Take the records below and extract, word for word, the lines from the one containing "message augustmc about" through the final line, inclusive. Omit pictures.

[Source information — start]

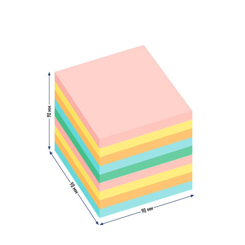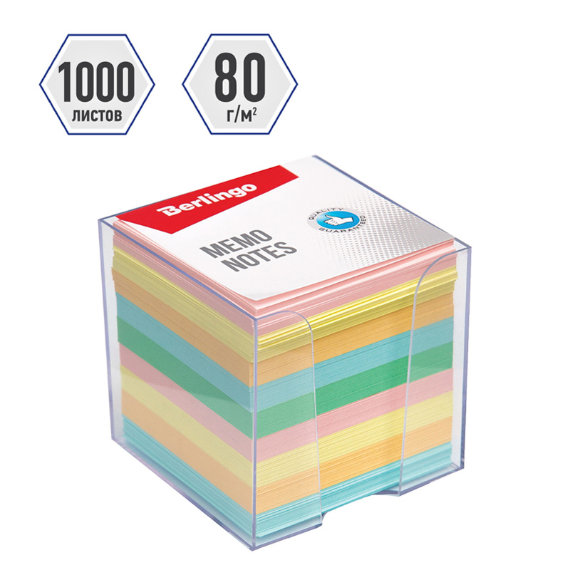 Блок для оперативных записей. В удобном пластиковом боксе. 1000 листов, цветной. Размер листа в блоке - 90 ? 90 мм. Бумага плотностью 80 г/м?. Индивидуальная упаковка в термоусадочную пленку.
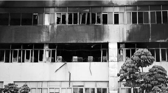 昨日上午11時,記者趕到起火現(xiàn)場時大火已被撲滅,工廠3-6層的外墻被濃煙熏黑,3樓車間的玻璃窗破裂,窗框脫落。據(jù)目擊者提供的視頻,大火在3樓車間燒起,黑煙上涌。“早上準備上班時收到通知說停工。”工人說,公司尚未確定何時復(fù)工。
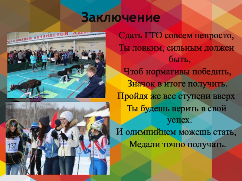 ЗаключениеСдать ГТО совсем непросто, Ты ловким, сильным должен быть, Чтоб нормативы победить, Значок в итоге получить.Пройдя же
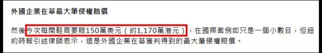 然后今次每间鞋商要赔150万美元(约1,170万港元),在国际案例如只是一个小数目,但纽约时报引述律师表示,这是外国企业在华获判得到的最大笔侵权赔偿。
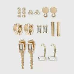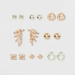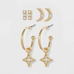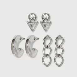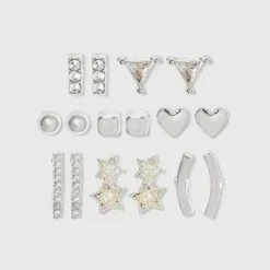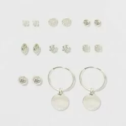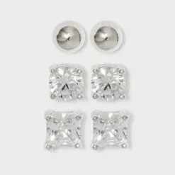 Cubic Zirconia and Sterling Silver Round and Square Stud Earring Set 3pc – A New Day™ Silver/Clear
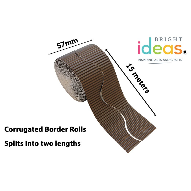 - Bright Ideas Corrugated Border rolls are supplied in a clear plastic wrap for extra protection from dust and moisture – rolls are in single colours and held together by a band to keep rolls nice and together
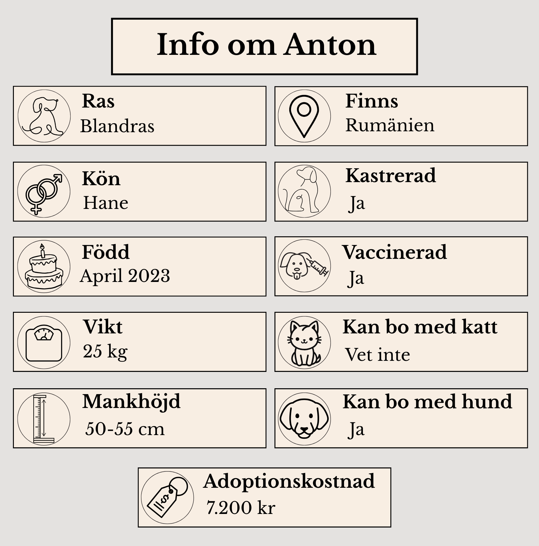 Anton söker en familj som är tålmodig och förstående gentemot hans bagage. Han vill utmanas och ser fram emot vad ett liv innebär med en egen familj. Anton vill ta långa promenader i utvecklande miljöer och utforska nya dofter. Han skulle gärna springa fritt i rastgård och få sträcka ut sig ordentligt. Anton trivs väl med andra hundar och skulle kunna bo tillsammans med annan hund men även som ensamhund där han få stå i fokus.
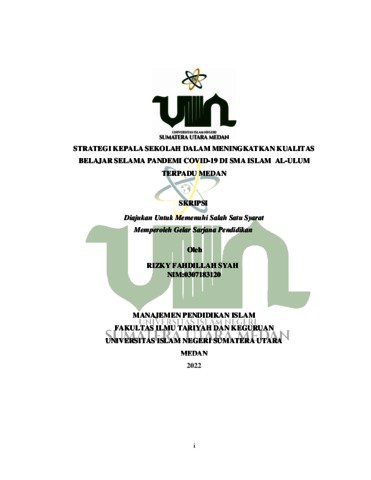 Syah, Rizky Fahdillah (2022) Strategi Kepala Sekolah Dalam meningkatkan Kualitas Belajar Selama Pandemi Covid-19, Di SMA Islam Al-Ulum Terpadu. Skripsi thesis, Universitas Islam Negeri Sumatera Utara.
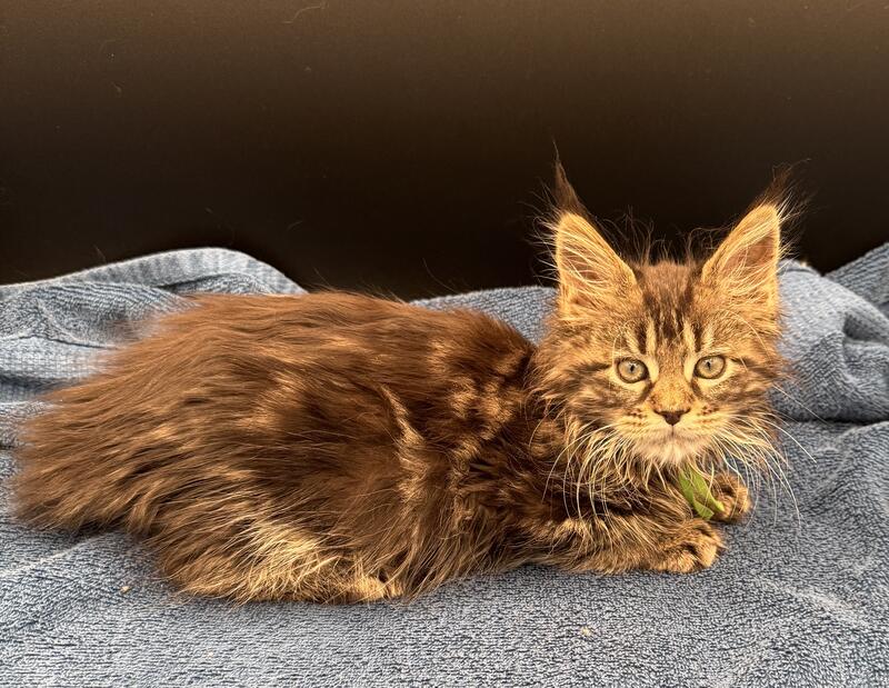 message augustmc about this ad We have kittens available. 5 males and 4 females. Both parents champions. Black smoke, silver and brown tabby. We are located outside of Kansas City, and we offer several options for pickup. We can deliver to you at the airport, meet at an agreed location, or you are welcome to pick up your kitten directly from our home. A deposit of $500 is required to reserve a kitten, with the remaining balance due at the time of pickup. Comprehensive Health Guarantee Microchip Implant with Free Lifetime Registration Age-Appropriate Vaccines Topical Parasite Treatment TICA Registration CFA Registration 30 Days of Trupanion Health Insurance Adoption Swag Bag Lifetime Support augustmainecoons . com |
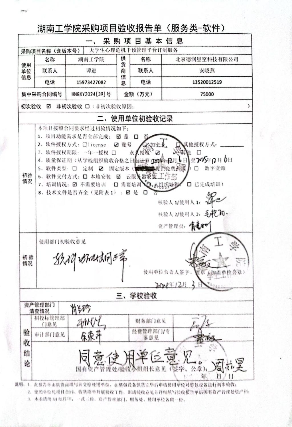 2024年12月关于HNGXY2024【39】号 协字2024【15】号采购项目验收情况公告

[Source information — finish]

_Exercise response_
 message augustmc about this ad We have kittens available. 5 males and 4 females. Both parents champions. Black smoke, silver and brown tabby. We are located outside of Kansas City, and we offer several options for pickup. We can deliver to you at the airport, meet at an agreed location, or you are welcome to pick up your kitten directly from our home. A deposit of $500 is required to reserve a kitten, with the remaining balance due at the time of pickup. Comprehensive Health Guarantee Microchip Implant with Free Lifetime Registration Age-Appropriate Vaccines Topical Parasite Treatment TICA Registration CFA Registration 30 Days of Trupanion Health Insurance Adoption Swag Bag Lifetime Support augustmainecoons . com |
 2024年12月关于HNGXY2024【39】号 协字2024【15】号采购项目验收情况公告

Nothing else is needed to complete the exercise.